Problem to work on
Your output should be the lines below from the one with "Tess Daly wore" through the one with "Keramický pes se", copied exactly, pictures excluded.

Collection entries

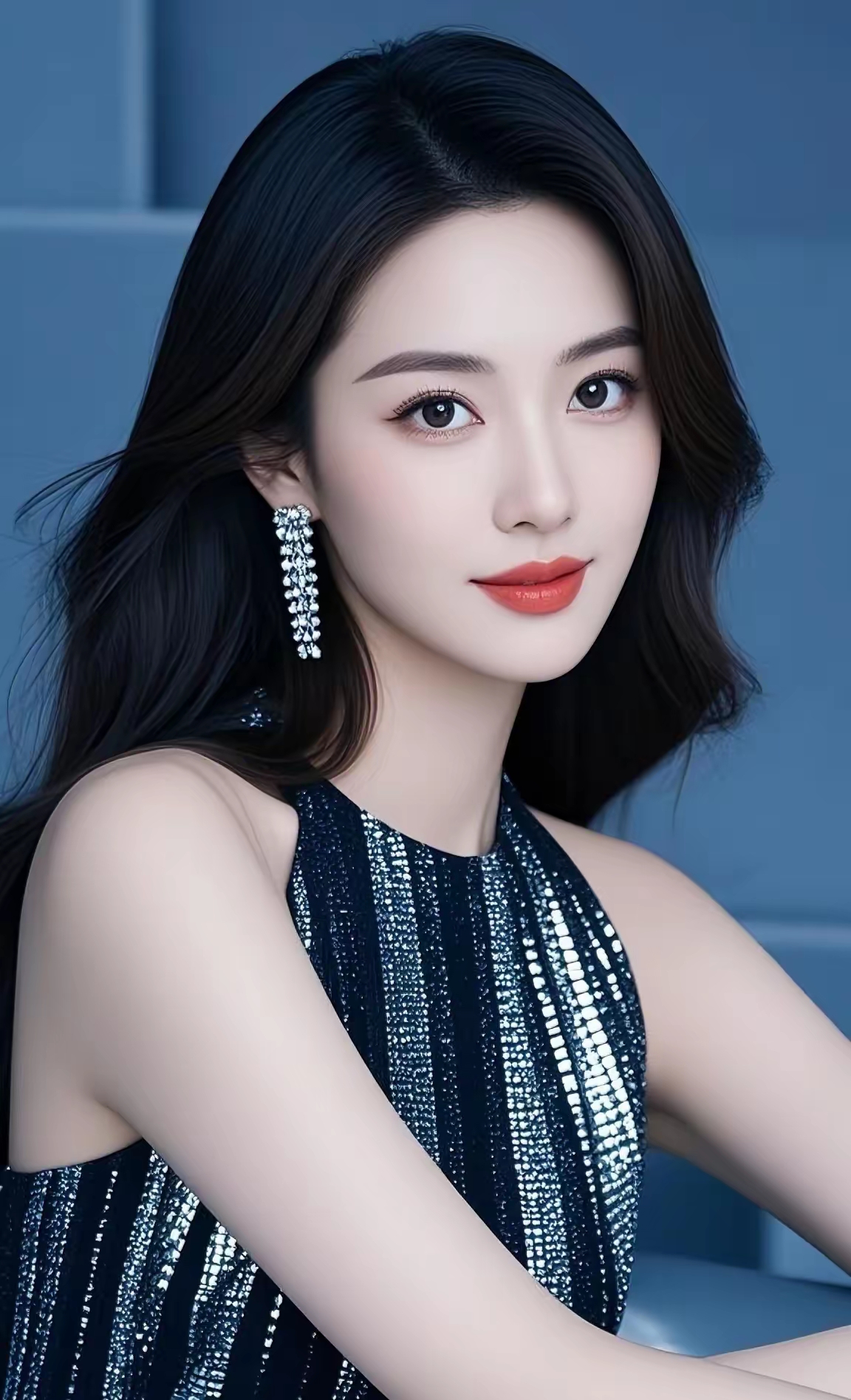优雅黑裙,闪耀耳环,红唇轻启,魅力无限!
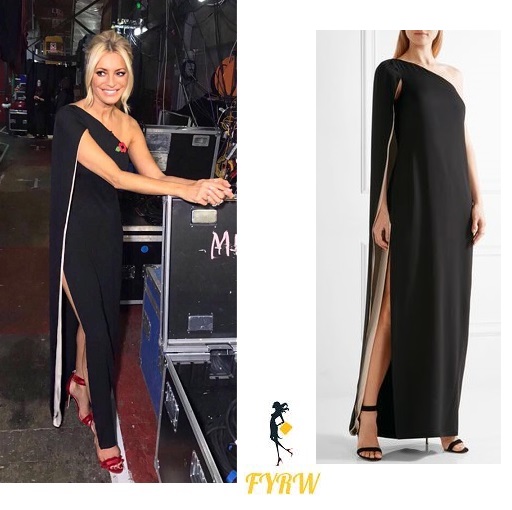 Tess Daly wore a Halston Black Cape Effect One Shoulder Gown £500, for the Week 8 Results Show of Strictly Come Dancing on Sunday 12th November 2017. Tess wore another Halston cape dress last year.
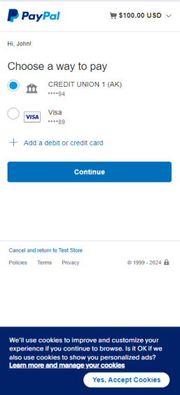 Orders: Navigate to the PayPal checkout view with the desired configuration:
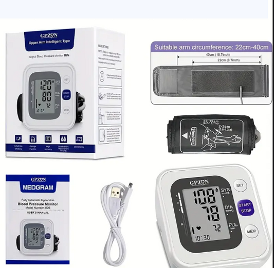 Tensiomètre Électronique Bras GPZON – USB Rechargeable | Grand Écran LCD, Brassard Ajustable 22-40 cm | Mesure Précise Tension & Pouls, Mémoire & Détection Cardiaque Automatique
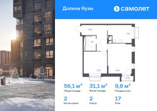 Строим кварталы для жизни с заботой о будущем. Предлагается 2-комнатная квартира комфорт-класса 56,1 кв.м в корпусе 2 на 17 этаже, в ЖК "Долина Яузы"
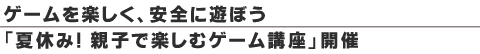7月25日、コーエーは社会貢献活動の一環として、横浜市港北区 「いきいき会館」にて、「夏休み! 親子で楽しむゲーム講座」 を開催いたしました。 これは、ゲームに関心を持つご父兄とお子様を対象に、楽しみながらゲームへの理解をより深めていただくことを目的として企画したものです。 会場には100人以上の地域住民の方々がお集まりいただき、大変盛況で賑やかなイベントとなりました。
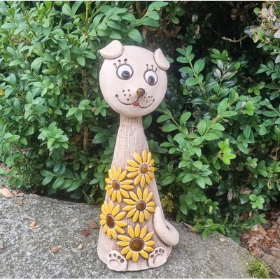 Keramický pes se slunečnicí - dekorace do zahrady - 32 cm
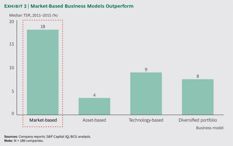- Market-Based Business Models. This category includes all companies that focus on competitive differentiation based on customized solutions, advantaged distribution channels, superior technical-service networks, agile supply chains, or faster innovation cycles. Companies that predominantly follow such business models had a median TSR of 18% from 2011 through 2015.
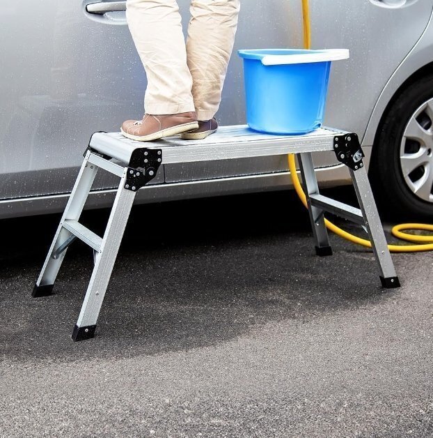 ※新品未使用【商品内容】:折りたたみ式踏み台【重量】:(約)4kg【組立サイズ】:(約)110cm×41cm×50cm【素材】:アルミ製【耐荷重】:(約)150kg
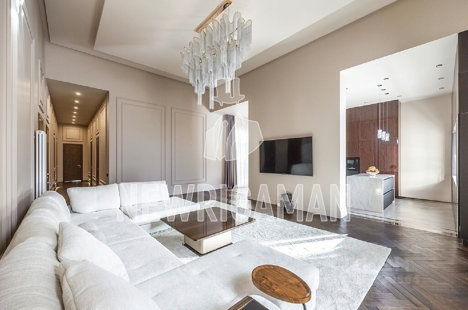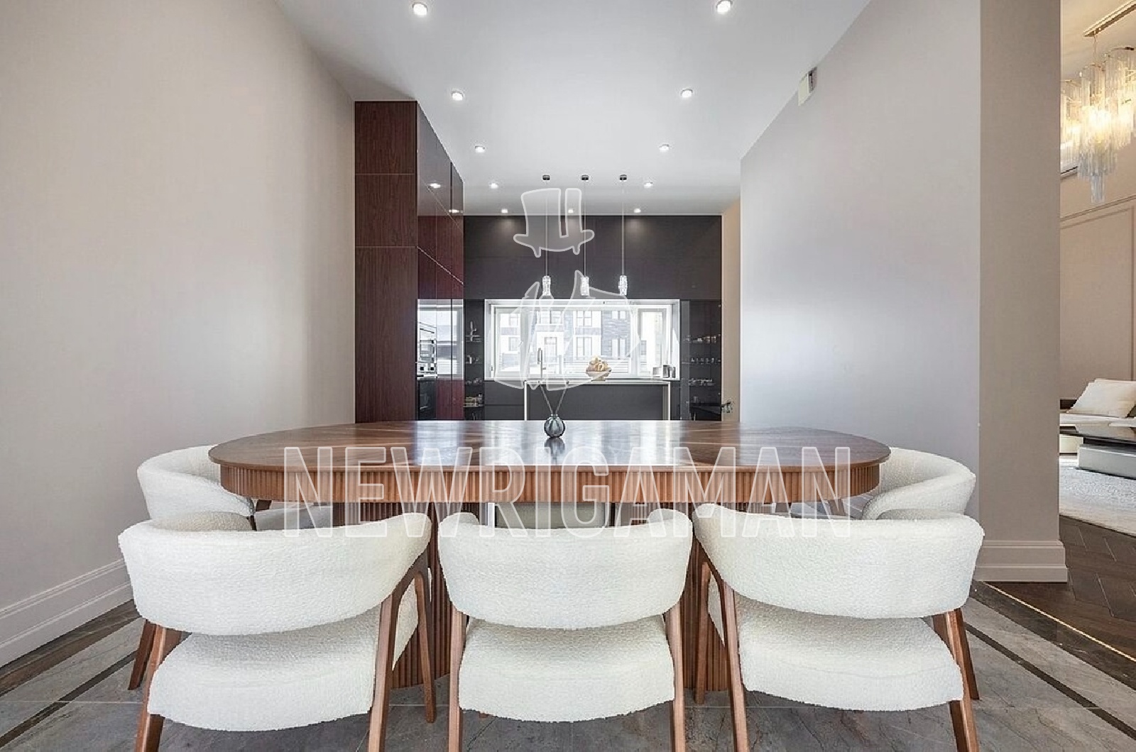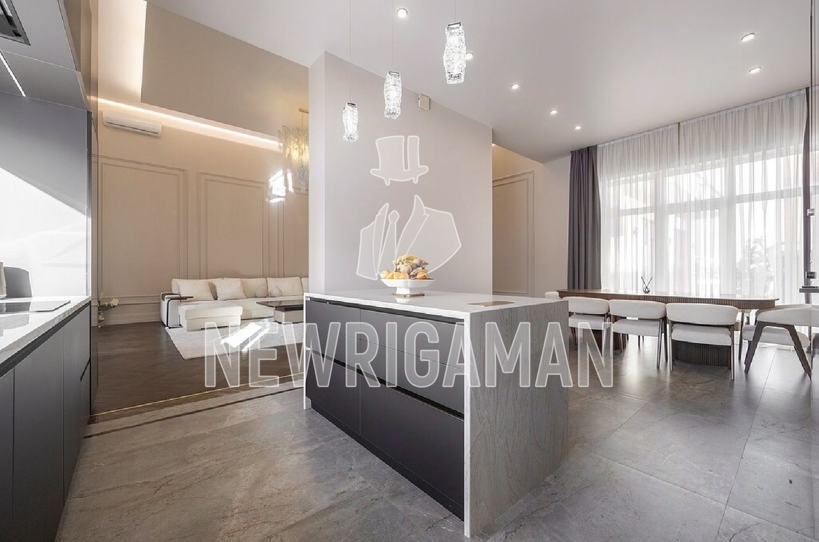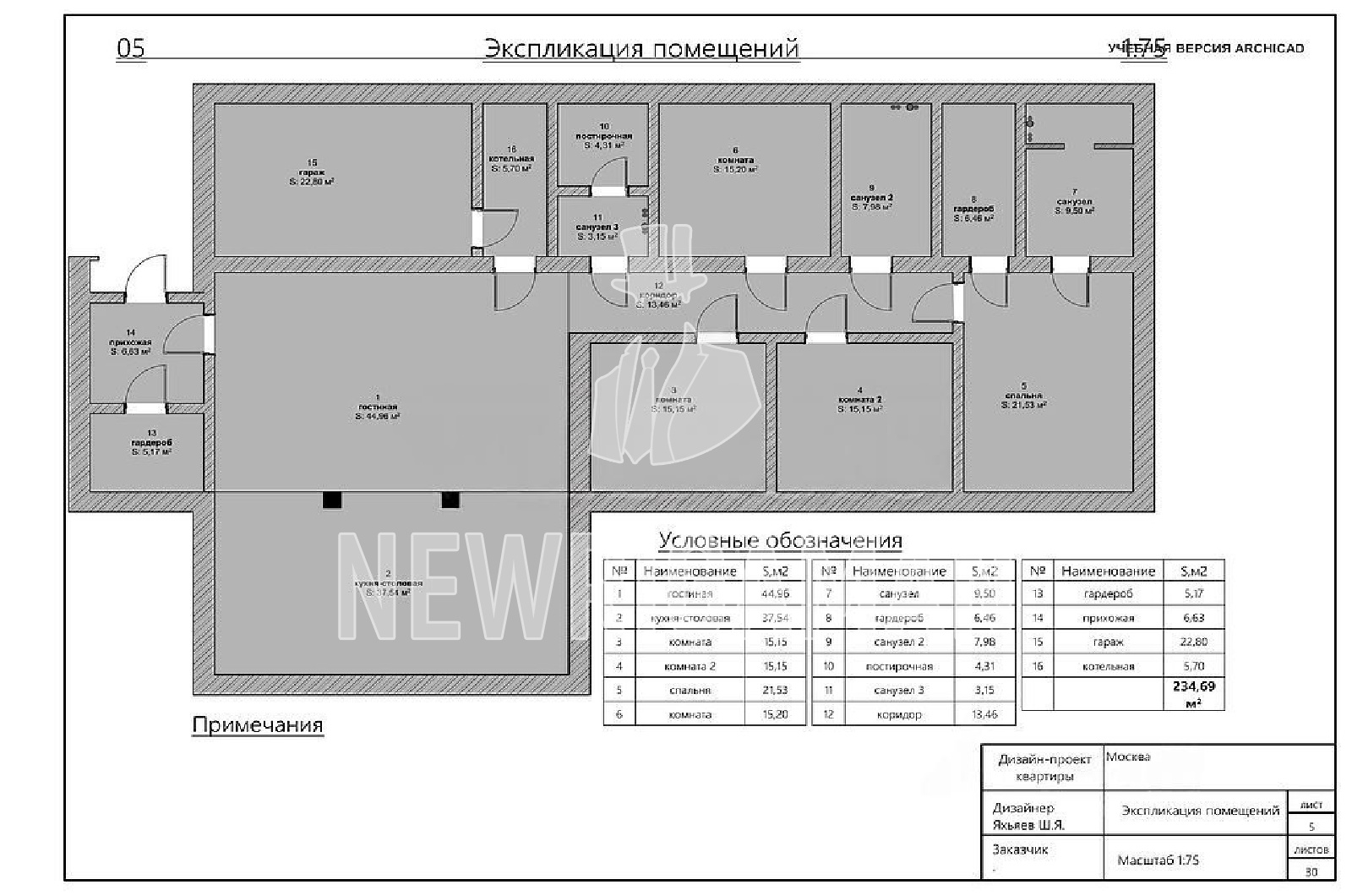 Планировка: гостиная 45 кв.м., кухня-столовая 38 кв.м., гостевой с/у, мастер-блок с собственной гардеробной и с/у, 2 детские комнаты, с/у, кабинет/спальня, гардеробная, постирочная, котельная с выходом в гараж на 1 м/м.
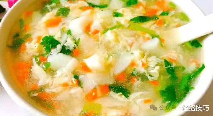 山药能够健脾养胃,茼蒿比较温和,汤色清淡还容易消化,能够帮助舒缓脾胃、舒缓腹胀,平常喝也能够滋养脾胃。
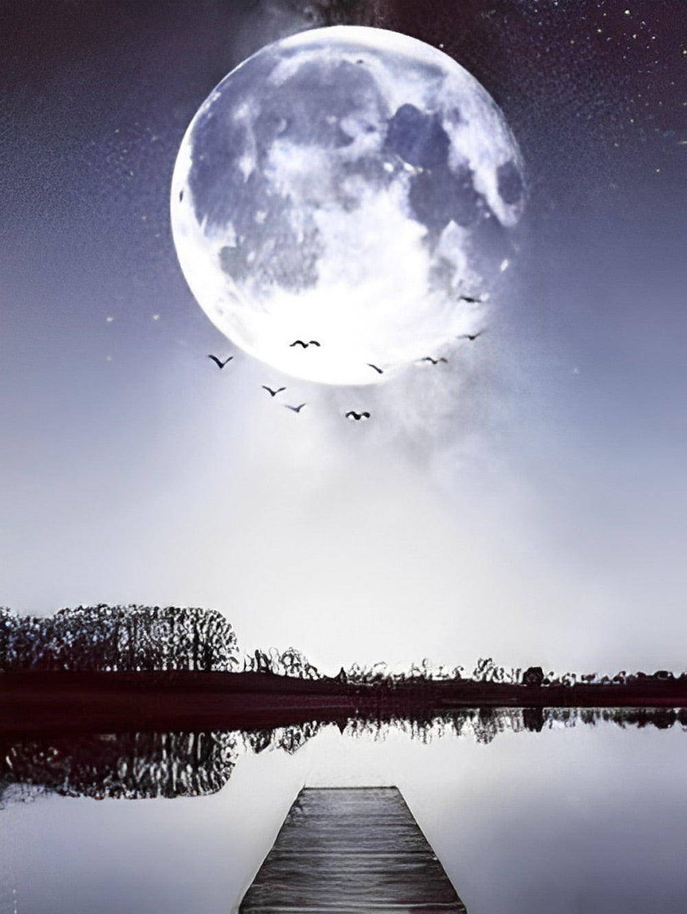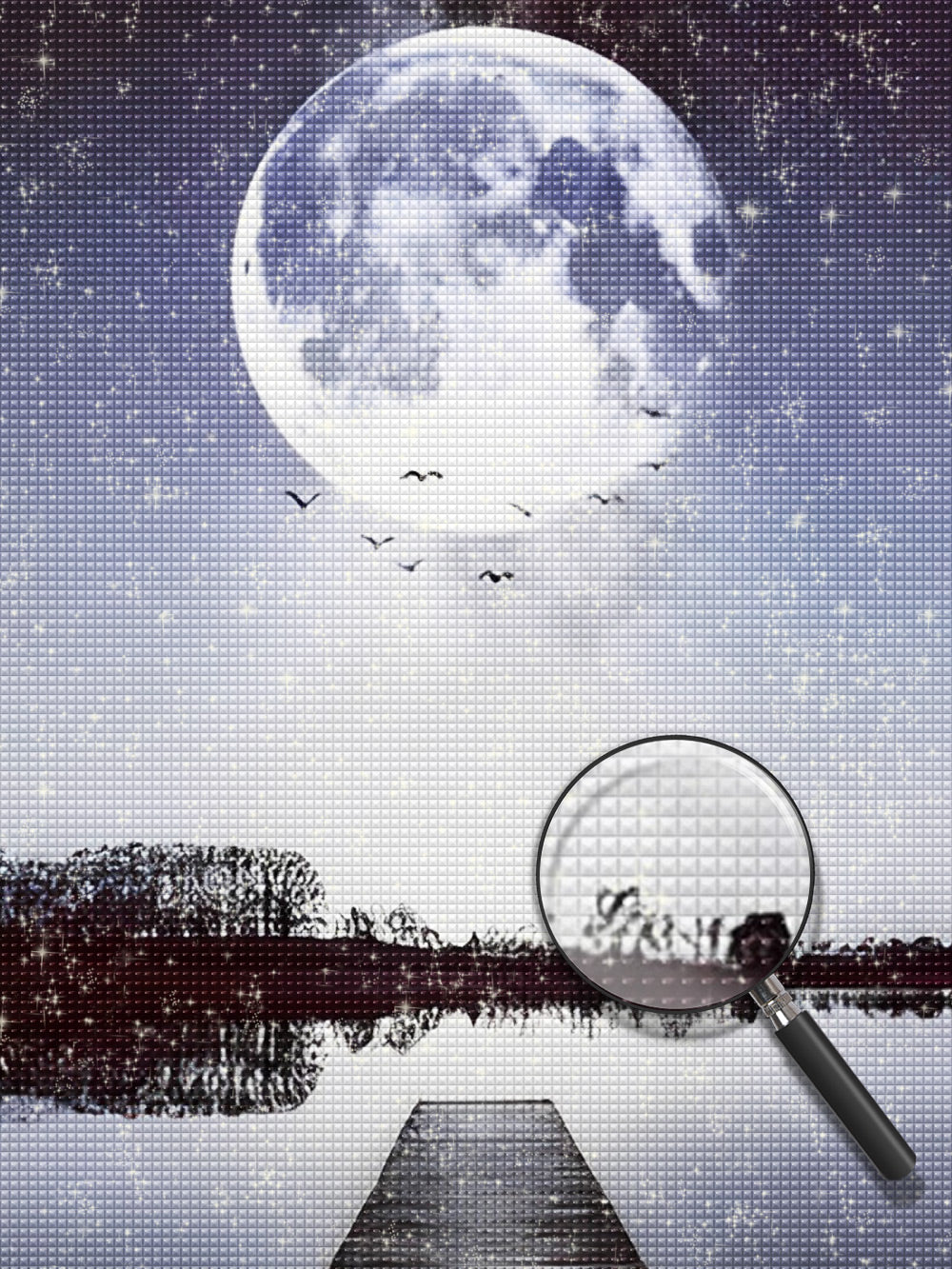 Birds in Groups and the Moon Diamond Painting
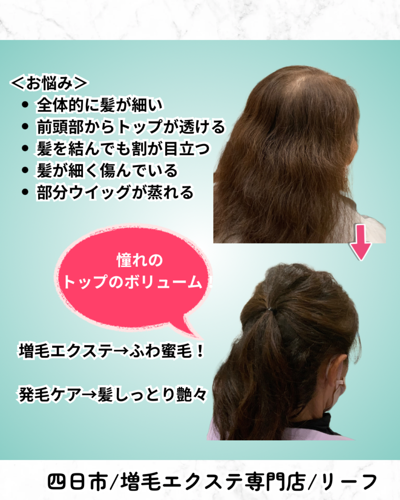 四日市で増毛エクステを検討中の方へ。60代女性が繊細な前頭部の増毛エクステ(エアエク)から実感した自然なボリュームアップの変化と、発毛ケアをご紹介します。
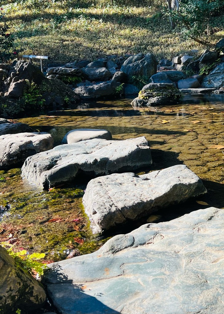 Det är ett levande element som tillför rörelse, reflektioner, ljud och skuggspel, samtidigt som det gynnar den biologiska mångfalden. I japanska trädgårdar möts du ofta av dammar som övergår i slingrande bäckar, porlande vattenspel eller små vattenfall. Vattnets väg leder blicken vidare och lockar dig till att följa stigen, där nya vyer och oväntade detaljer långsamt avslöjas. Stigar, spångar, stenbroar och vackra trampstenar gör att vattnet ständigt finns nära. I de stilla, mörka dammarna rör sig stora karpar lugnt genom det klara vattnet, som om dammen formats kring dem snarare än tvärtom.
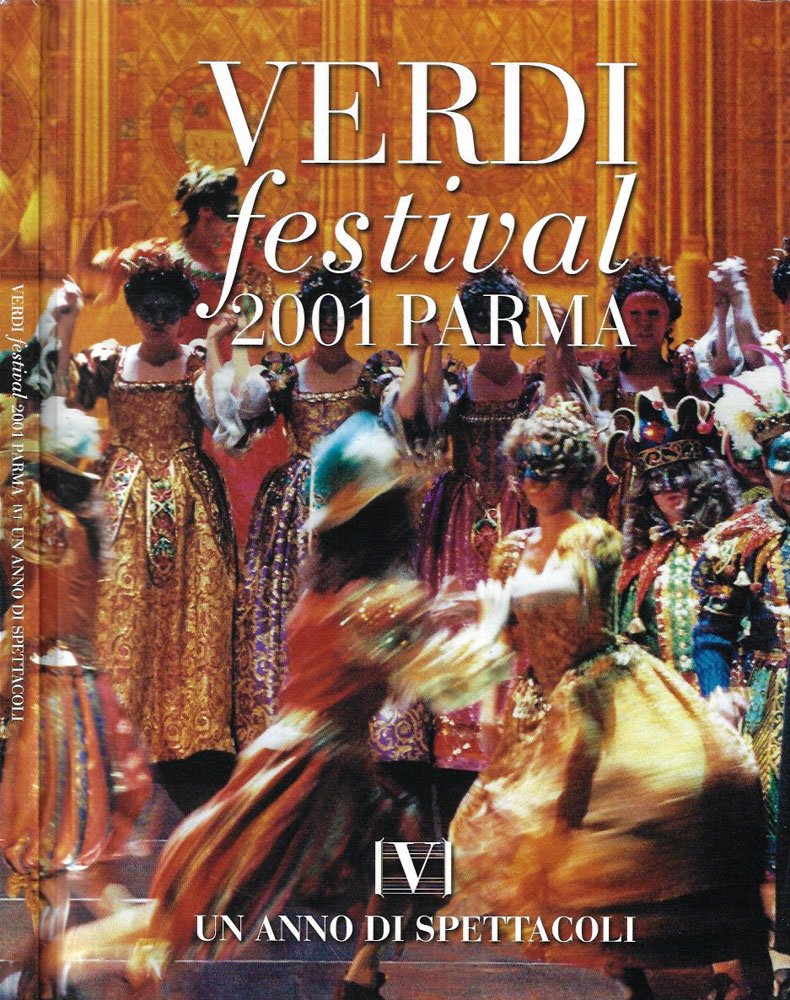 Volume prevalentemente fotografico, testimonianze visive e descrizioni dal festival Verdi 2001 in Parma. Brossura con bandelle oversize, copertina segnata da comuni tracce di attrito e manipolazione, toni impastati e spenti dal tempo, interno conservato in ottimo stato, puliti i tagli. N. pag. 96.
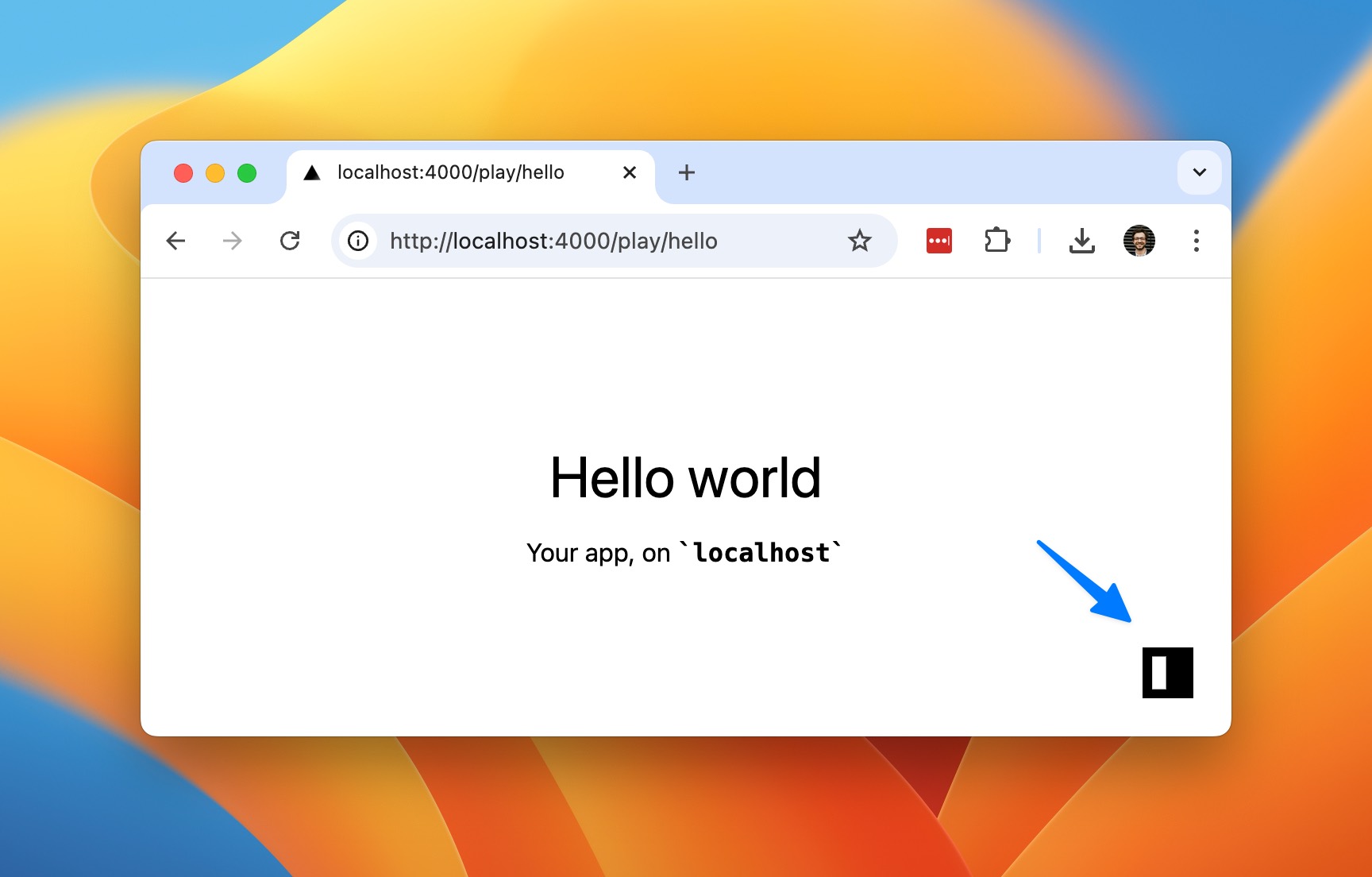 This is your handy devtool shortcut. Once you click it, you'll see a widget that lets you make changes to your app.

Task response
 Tess Daly wore a Halston Black Cape Effect One Shoulder Gown £500, for the Week 8 Results Show of Strictly Come Dancing on Sunday 12th November 2017. Tess wore another Halston cape dress last year.
 Orders: Navigate to the PayPal checkout view with the desired configuration:
 Tensiomètre Électronique Bras GPZON – USB Rechargeable | Grand Écran LCD, Brassard Ajustable 22-40 cm | Mesure Précise Tension & Pouls, Mémoire & Détection Cardiaque Automatique
 Строим кварталы для жизни с заботой о будущем. Предлагается 2-комнатная квартира комфорт-класса 56,1 кв.м в корпусе 2 на 17 этаже, в ЖК "Долина Яузы"
7月25日、コーエーは社会貢献活動の一環として、横浜市港北区 「いきいき会館」にて、「夏休み! 親子で楽しむゲーム講座」 を開催いたしました。 これは、ゲームに関心を持つご父兄とお子様を対象に、楽しみながらゲームへの理解をより深めていただくことを目的として企画したものです。 会場には100人以上の地域住民の方々がお集まりいただき、大変盛況で賑やかなイベントとなりました。
 Keramický pes se slunečnicí - dekorace do zahrady - 32 cm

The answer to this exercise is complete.